Your answer must be an exact transcription of every record below, with the pictures omitted.

Source data:

----

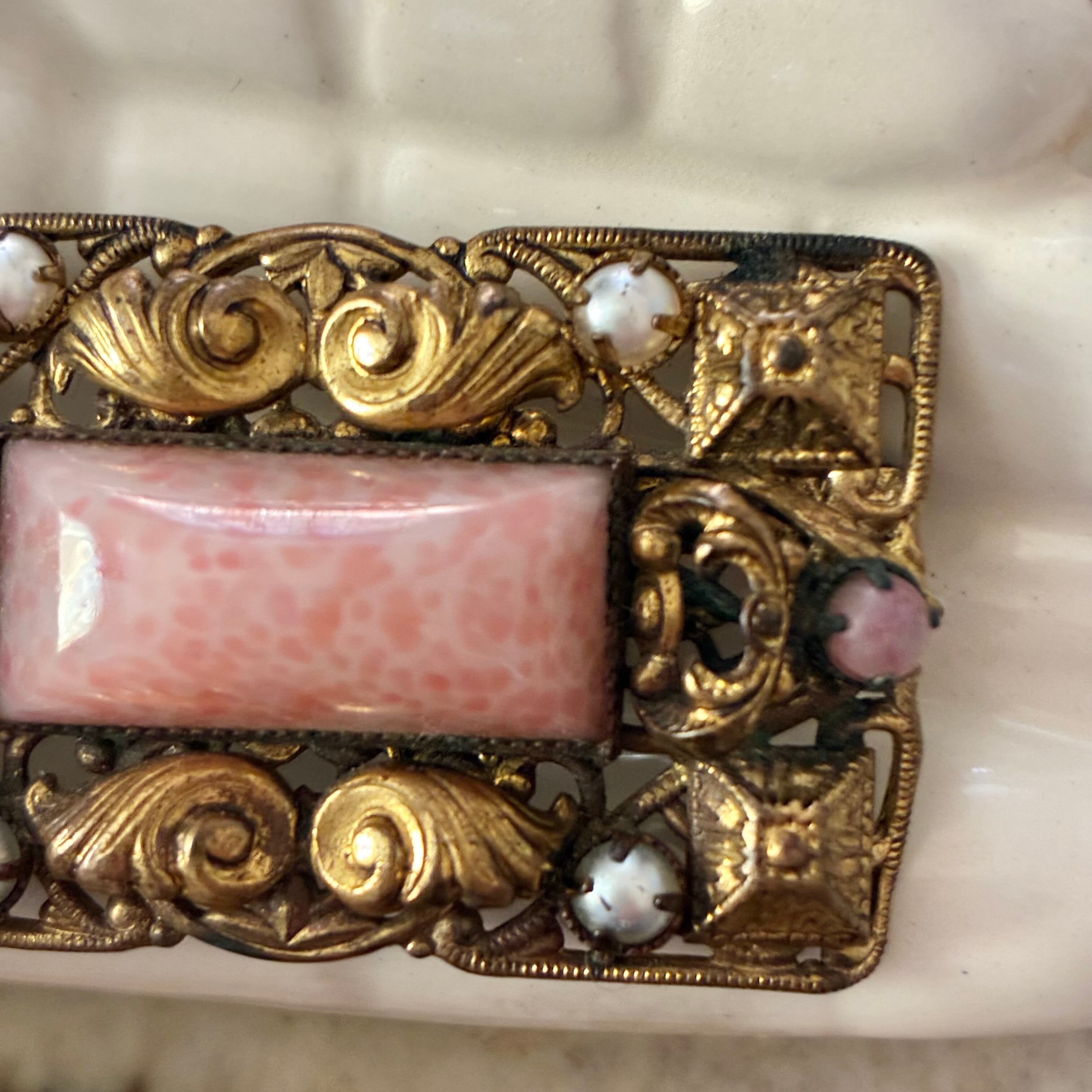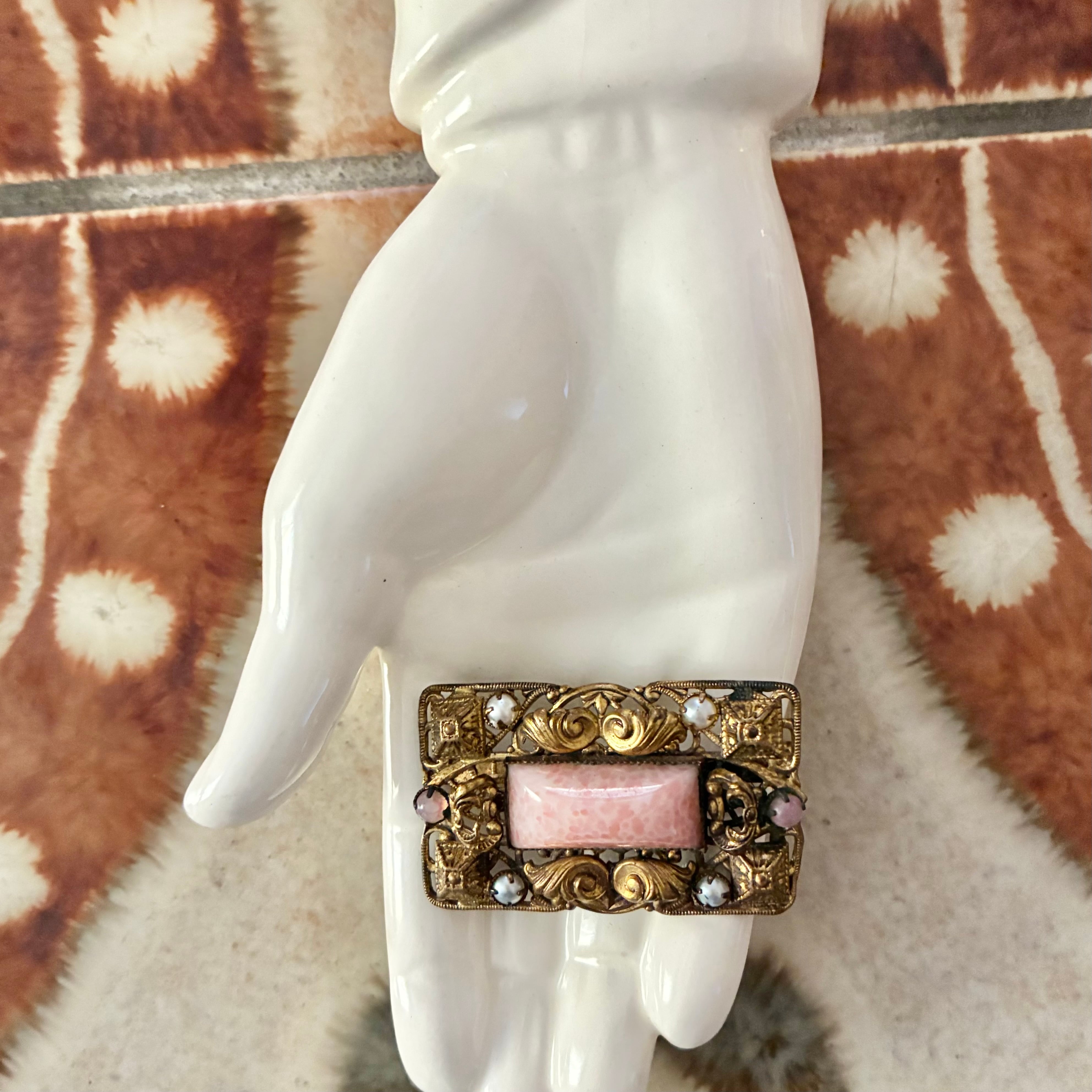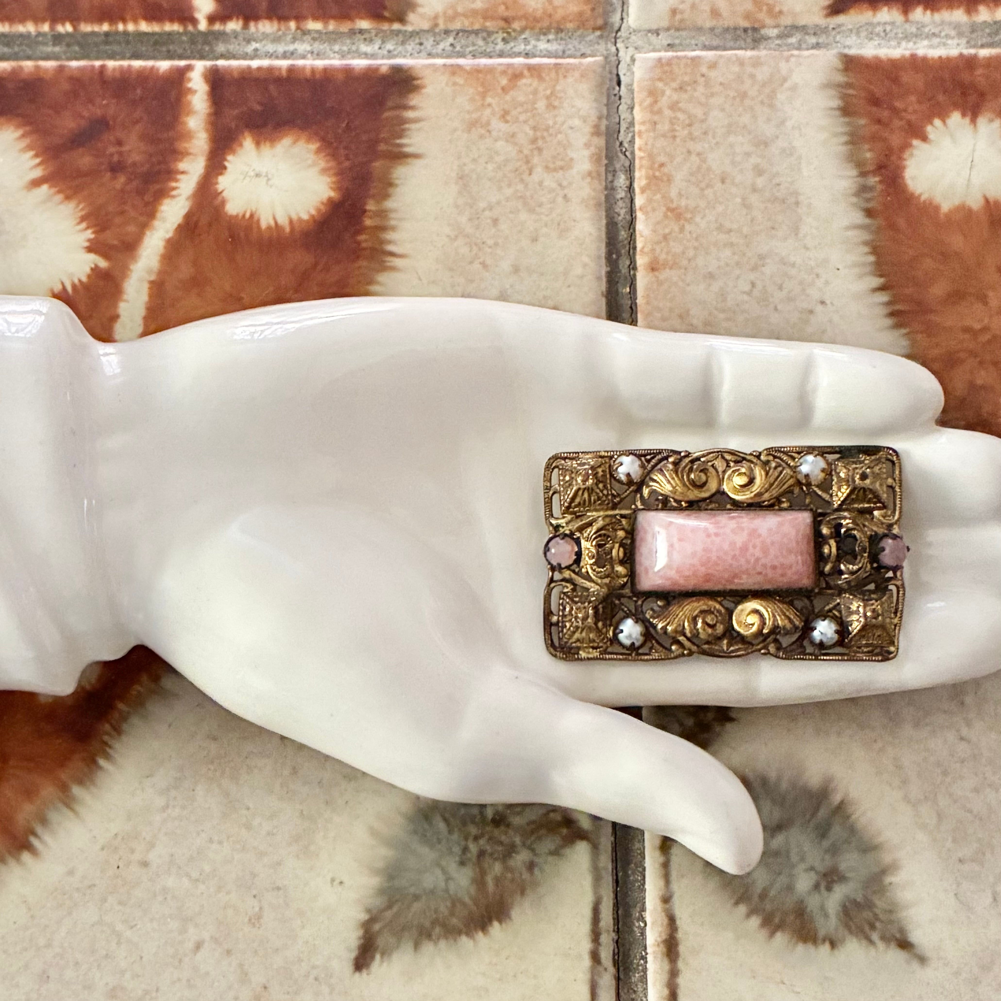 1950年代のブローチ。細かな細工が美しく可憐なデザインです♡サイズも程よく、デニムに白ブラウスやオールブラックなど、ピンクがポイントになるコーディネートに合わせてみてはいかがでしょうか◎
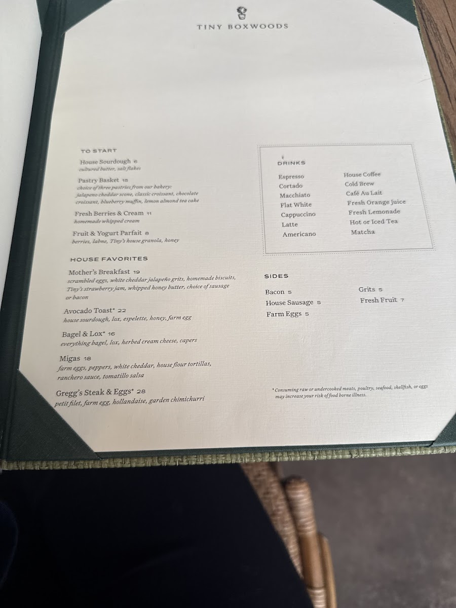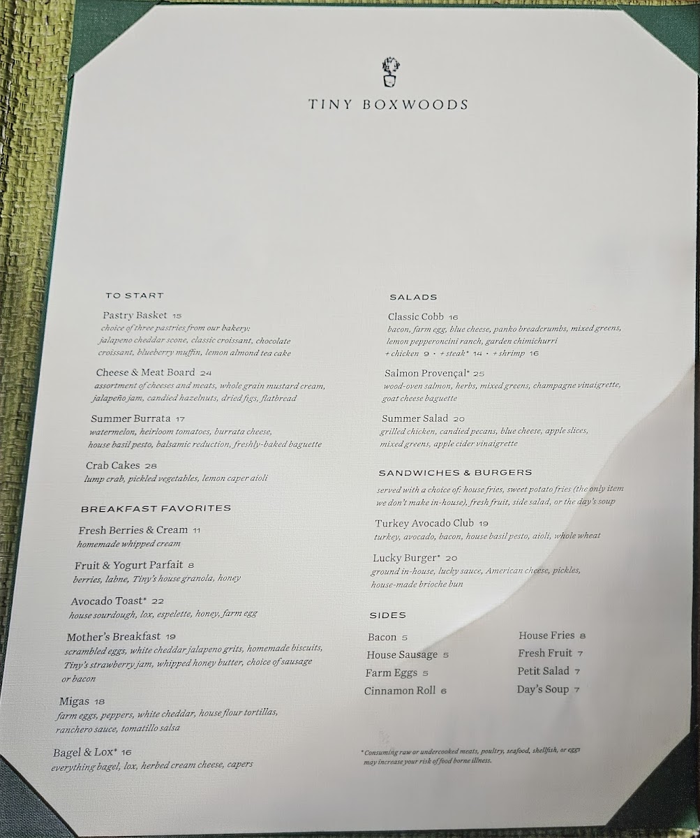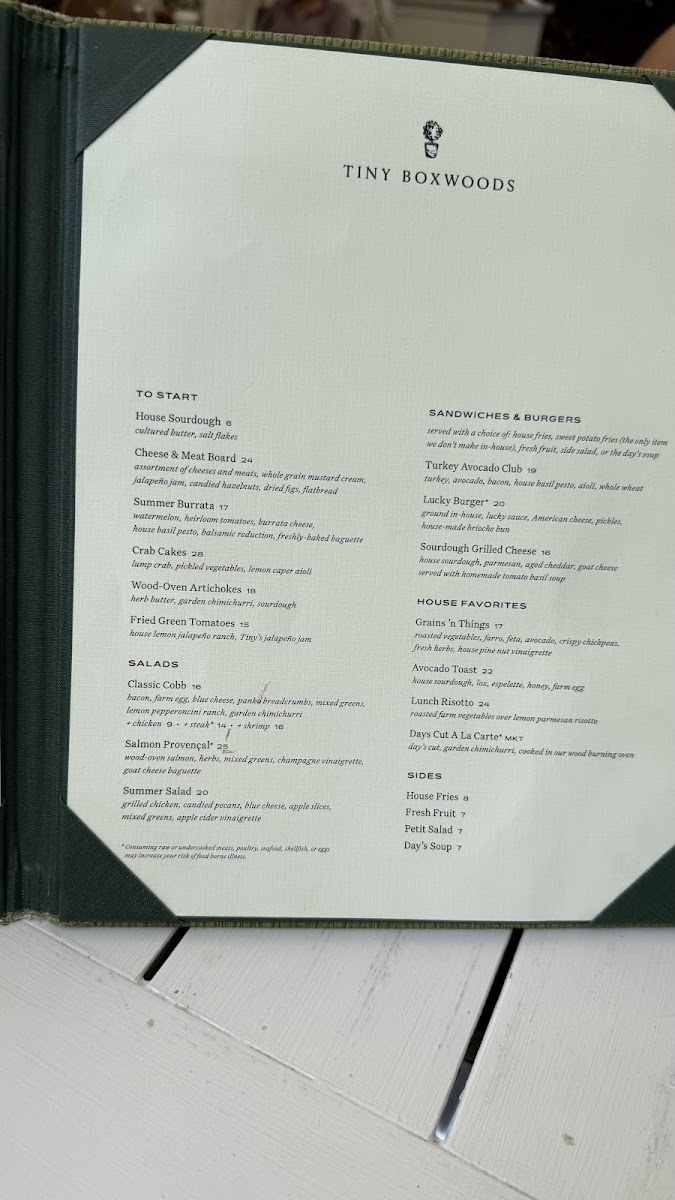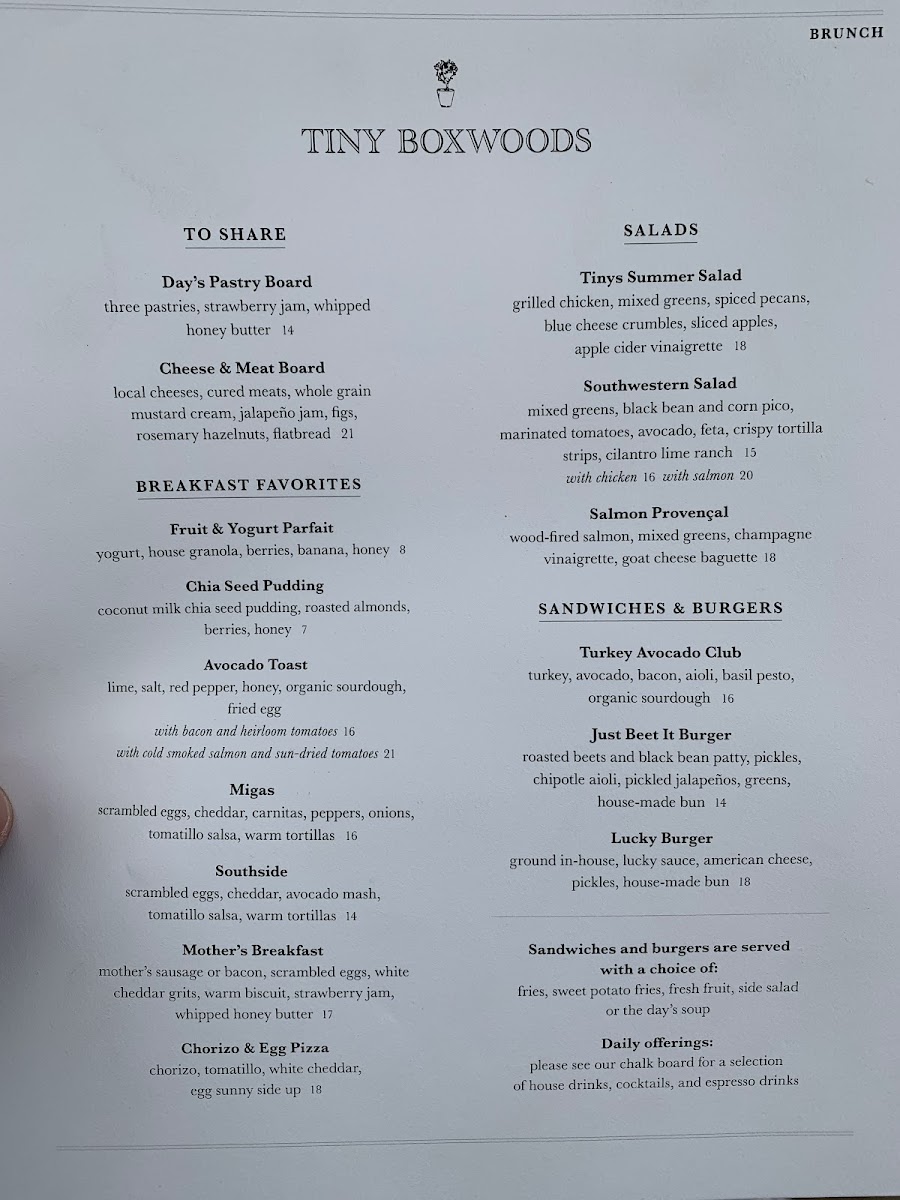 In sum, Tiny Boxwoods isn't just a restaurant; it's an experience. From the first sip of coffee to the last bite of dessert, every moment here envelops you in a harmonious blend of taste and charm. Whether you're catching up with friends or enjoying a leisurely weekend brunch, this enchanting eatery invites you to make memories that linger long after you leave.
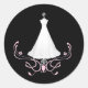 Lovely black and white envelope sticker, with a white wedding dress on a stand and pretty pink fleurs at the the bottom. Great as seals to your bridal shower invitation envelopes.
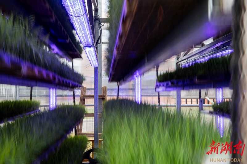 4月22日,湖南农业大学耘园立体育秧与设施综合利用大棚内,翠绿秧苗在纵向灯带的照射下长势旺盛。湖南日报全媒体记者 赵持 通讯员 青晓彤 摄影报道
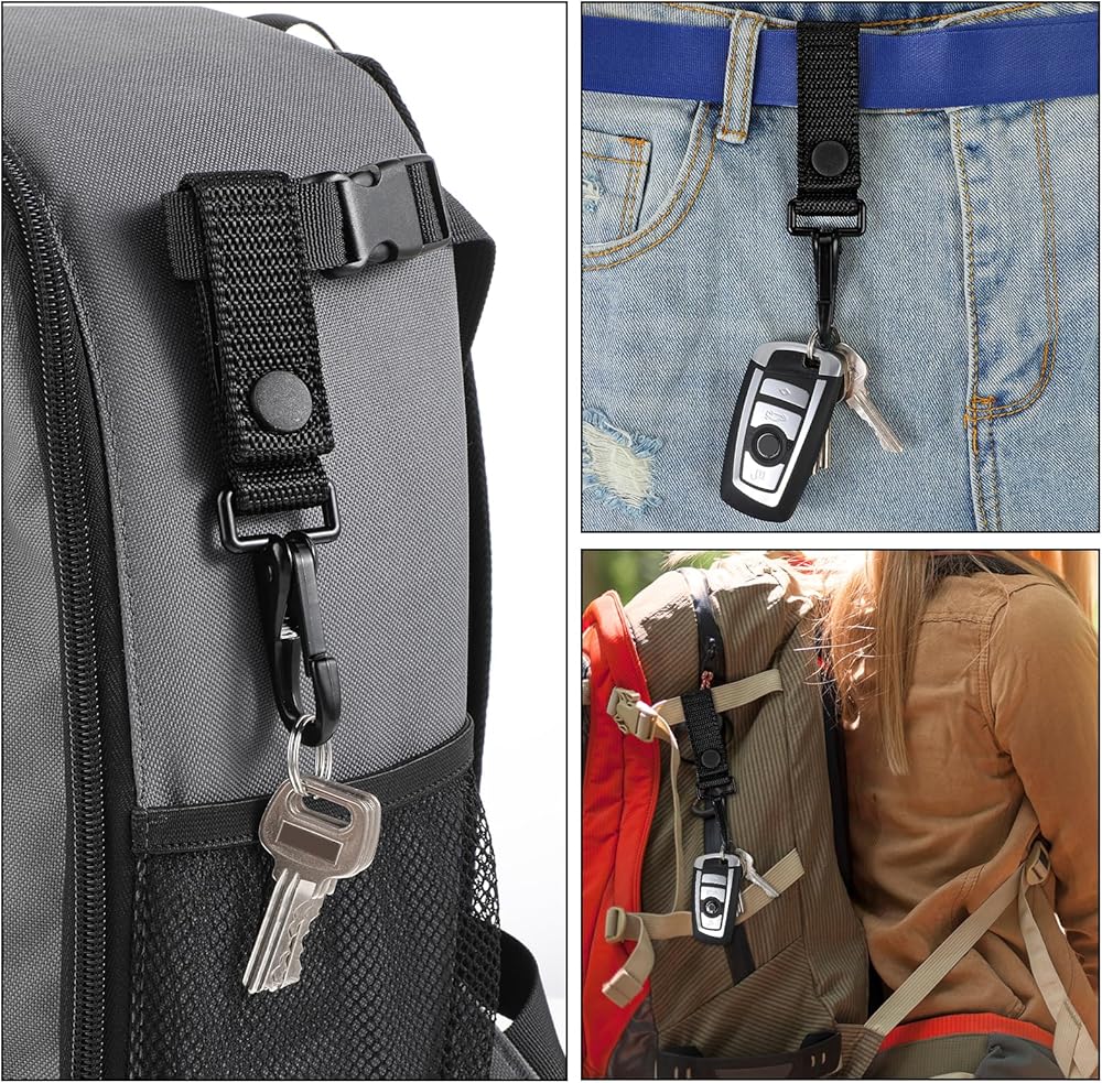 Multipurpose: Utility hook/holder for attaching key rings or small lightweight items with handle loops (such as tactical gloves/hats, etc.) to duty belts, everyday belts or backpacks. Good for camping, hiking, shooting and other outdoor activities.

----

__Your response__:
 1950年代のブローチ。細かな細工が美しく可憐なデザインです♡サイズも程よく、デニムに白ブラウスやオールブラックなど、ピンクがポイントになるコーディネートに合わせてみてはいかがでしょうか◎
 In sum, Tiny Boxwoods isn't just a restaurant; it's an experience. From the first sip of coffee to the last bite of dessert, every moment here envelops you in a harmonious blend of taste and charm. Whether you're catching up with friends or enjoying a leisurely weekend brunch, this enchanting eatery invites you to make memories that linger long after you leave.
 Lovely black and white envelope sticker, with a white wedding dress on a stand and pretty pink fleurs at the the bottom. Great as seals to your bridal shower invitation envelopes.
 4月22日,湖南农业大学耘园立体育秧与设施综合利用大棚内,翠绿秧苗在纵向灯带的照射下长势旺盛。湖南日报全媒体记者 赵持 通讯员 青晓彤 摄影报道
 Multipurpose: Utility hook/holder for attaching key rings or small lightweight items with handle loops (such as tactical gloves/hats, etc.) to duty belts, everyday belts or backpacks. Good for camping, hiking, shooting and other outdoor activities.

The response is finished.